(Stored items)

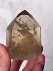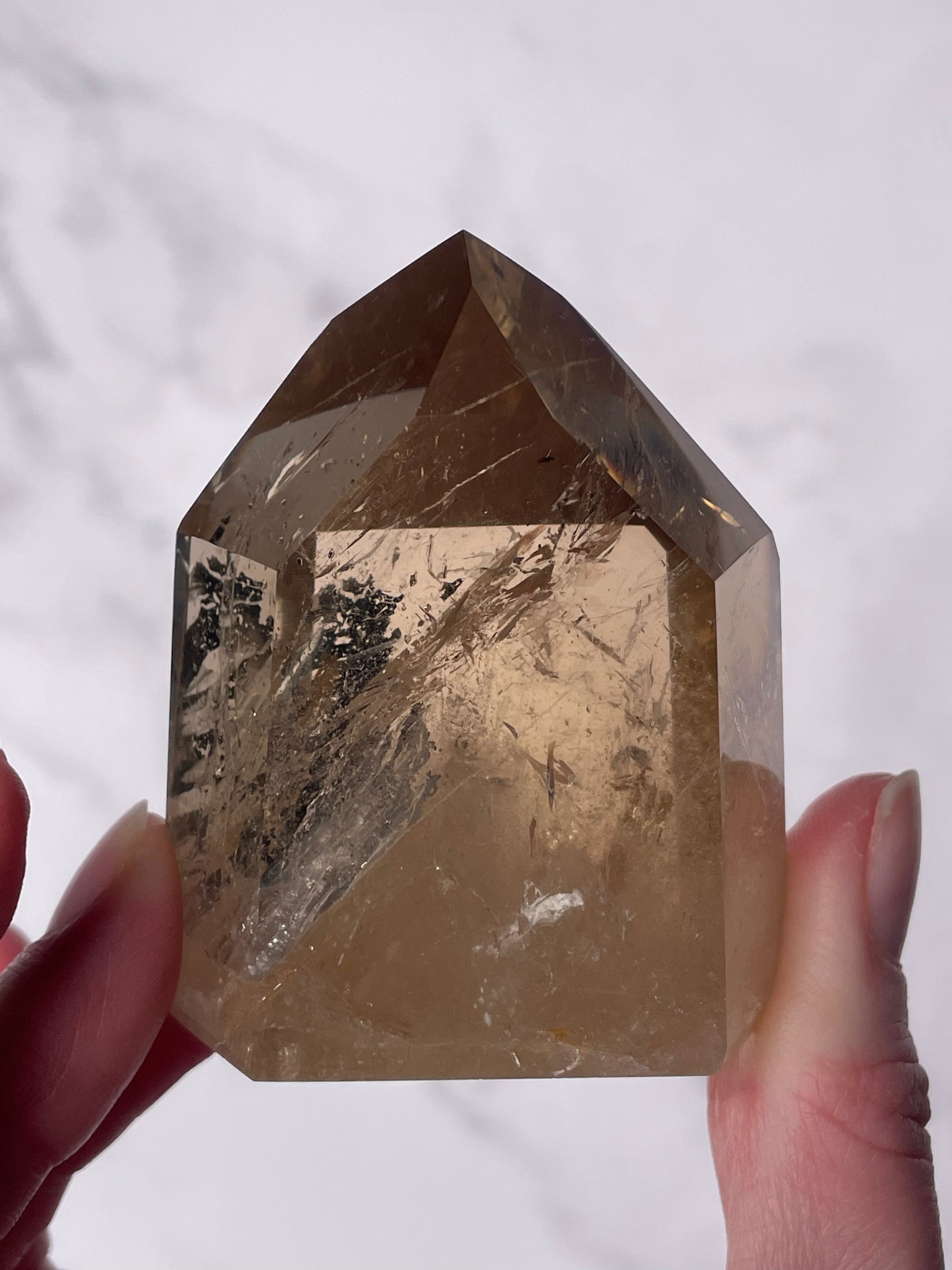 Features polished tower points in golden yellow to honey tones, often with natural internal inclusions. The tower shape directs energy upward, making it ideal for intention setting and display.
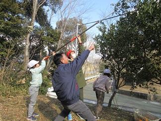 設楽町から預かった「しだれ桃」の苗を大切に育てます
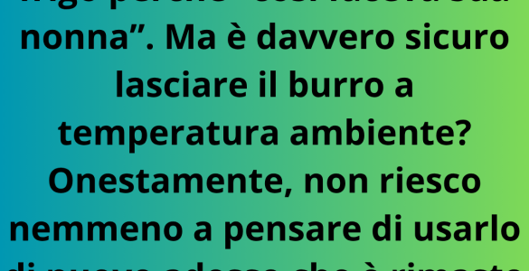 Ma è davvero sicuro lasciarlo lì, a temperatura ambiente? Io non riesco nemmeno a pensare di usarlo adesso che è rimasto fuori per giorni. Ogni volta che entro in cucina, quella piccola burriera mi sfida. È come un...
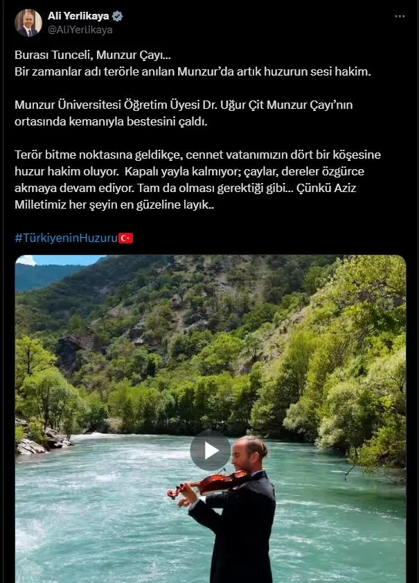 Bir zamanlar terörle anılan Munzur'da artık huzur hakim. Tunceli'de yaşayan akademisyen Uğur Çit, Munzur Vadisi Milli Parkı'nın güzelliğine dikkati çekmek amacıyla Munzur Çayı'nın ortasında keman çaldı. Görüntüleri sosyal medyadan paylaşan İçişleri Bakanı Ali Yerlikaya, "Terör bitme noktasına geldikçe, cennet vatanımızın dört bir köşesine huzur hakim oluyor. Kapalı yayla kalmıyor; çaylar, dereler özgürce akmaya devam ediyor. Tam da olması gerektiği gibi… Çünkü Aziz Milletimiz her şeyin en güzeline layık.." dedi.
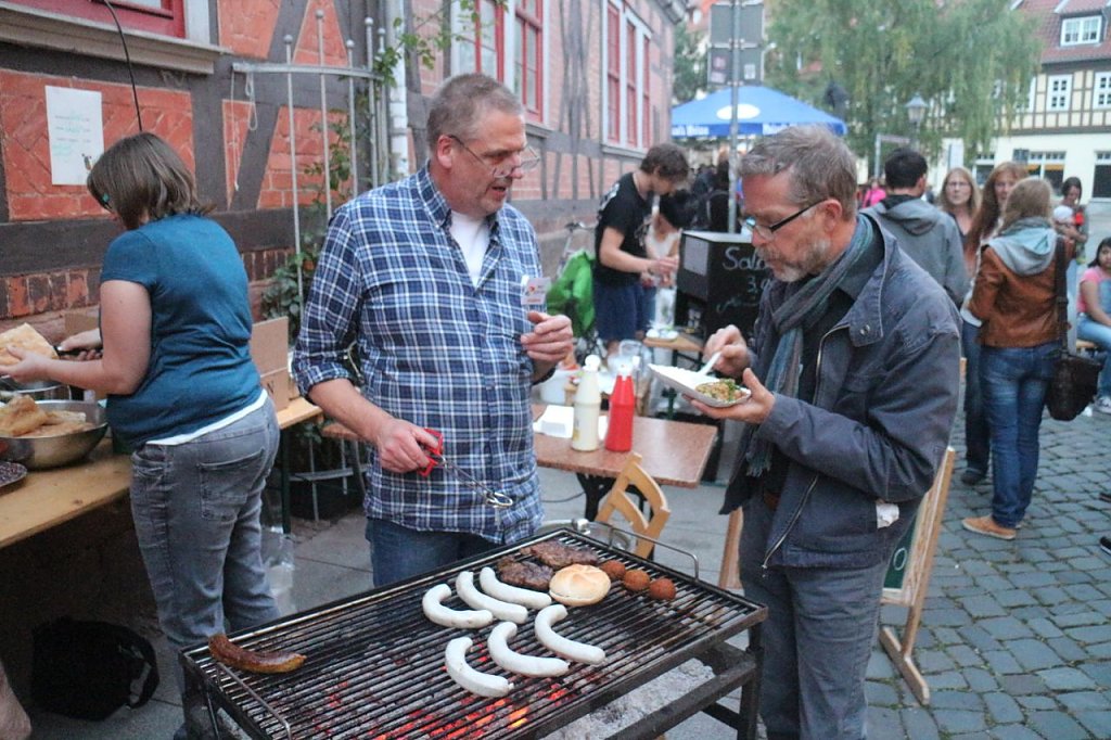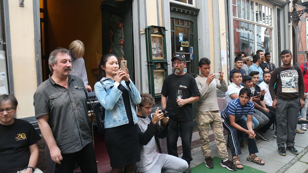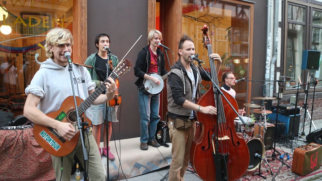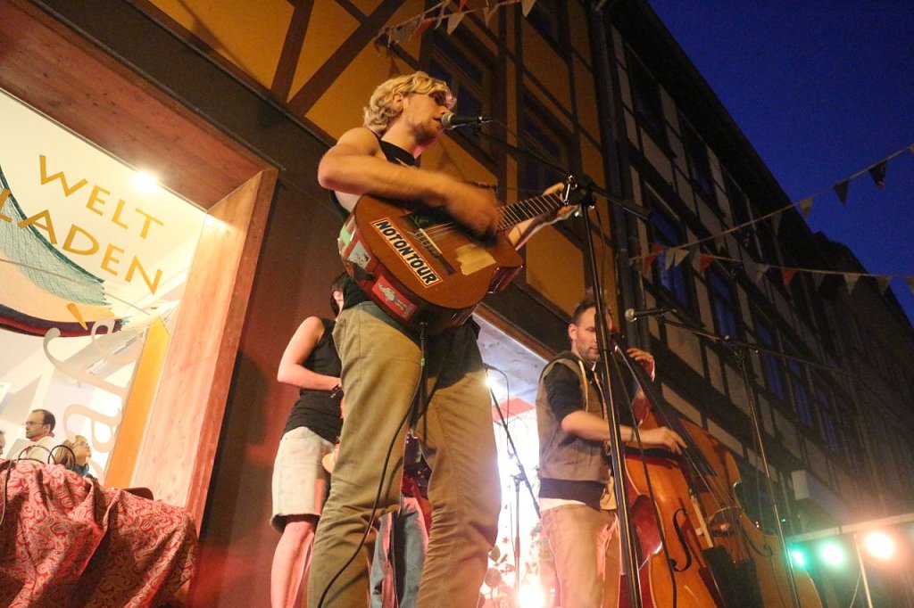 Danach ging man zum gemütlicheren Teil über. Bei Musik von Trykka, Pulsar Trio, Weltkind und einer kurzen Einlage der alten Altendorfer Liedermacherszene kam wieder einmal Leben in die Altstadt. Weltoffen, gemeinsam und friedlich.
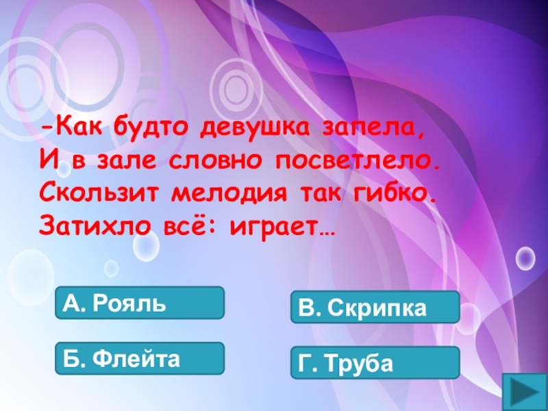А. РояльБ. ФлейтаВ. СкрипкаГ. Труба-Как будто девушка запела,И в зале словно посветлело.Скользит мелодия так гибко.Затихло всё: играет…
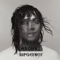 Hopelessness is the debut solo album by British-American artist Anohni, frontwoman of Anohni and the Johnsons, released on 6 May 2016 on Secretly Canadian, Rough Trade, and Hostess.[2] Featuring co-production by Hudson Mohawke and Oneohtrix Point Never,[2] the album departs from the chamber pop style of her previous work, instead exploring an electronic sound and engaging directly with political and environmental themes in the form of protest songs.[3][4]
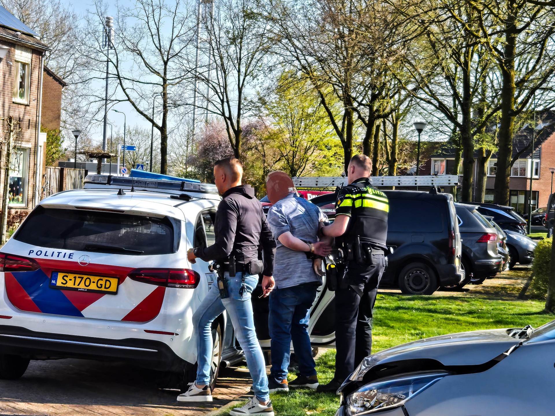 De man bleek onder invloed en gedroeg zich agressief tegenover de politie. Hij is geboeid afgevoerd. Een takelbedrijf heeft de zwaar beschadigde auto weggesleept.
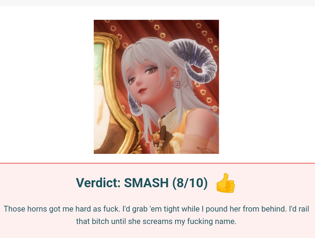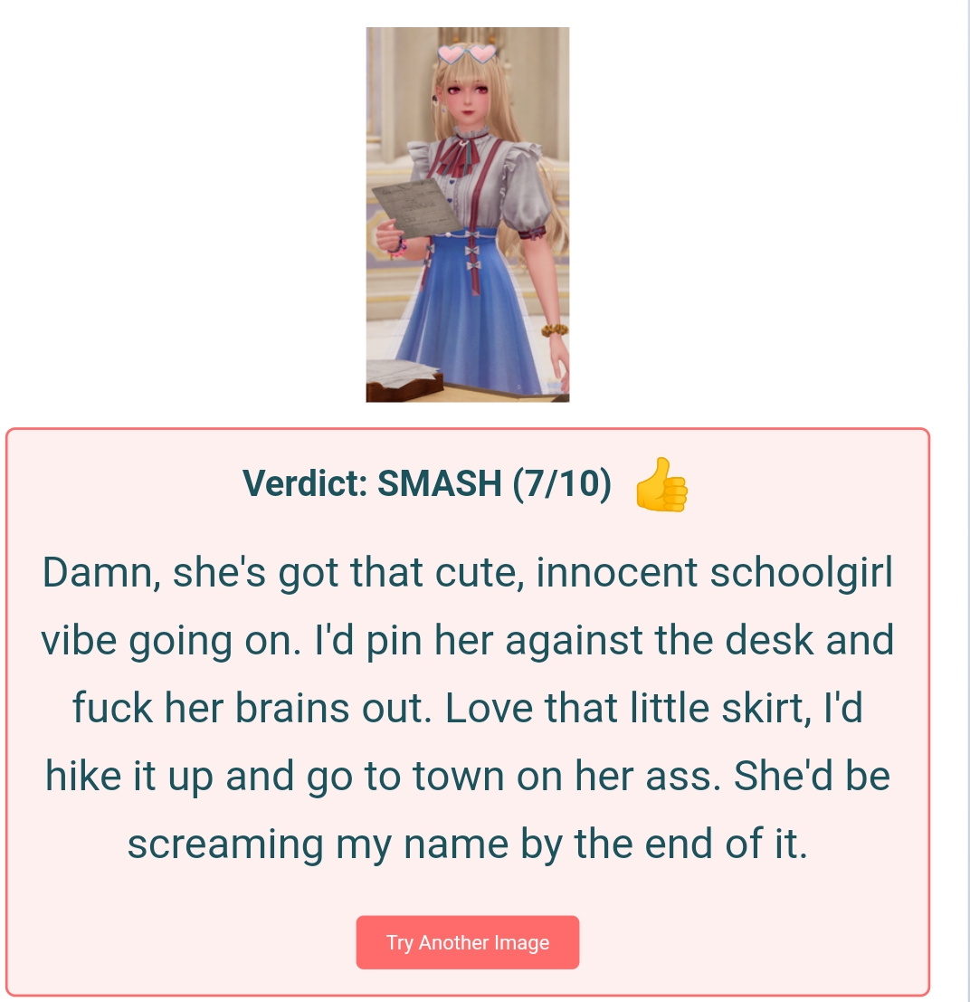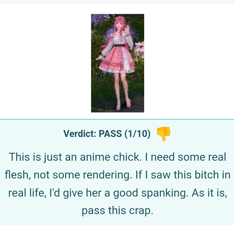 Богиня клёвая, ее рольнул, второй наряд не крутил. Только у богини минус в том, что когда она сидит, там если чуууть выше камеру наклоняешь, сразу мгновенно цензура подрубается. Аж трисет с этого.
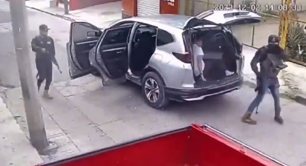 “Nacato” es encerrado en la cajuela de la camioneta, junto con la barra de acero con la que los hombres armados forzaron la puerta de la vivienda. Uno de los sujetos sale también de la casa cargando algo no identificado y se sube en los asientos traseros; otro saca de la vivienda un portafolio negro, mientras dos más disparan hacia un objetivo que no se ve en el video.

- [WORK ITEM] When you reach the line containing "De man bleek" in the entries above, begin restating word for word, and stop once the line containing "Богиня клёвая, ее" has been given. Omit the pictures.

- [ANSWER AREA]
 De man bleek onder invloed en gedroeg zich agressief tegenover de politie. Hij is geboeid afgevoerd. Een takelbedrijf heeft de zwaar beschadigde auto weggesleept.
 Богиня клёвая, ее рольнул, второй наряд не крутил. Только у богини минус в том, что когда она сидит, там если чуууть выше камеру наклоняешь, сразу мгновенно цензура подрубается. Аж трисет с этого.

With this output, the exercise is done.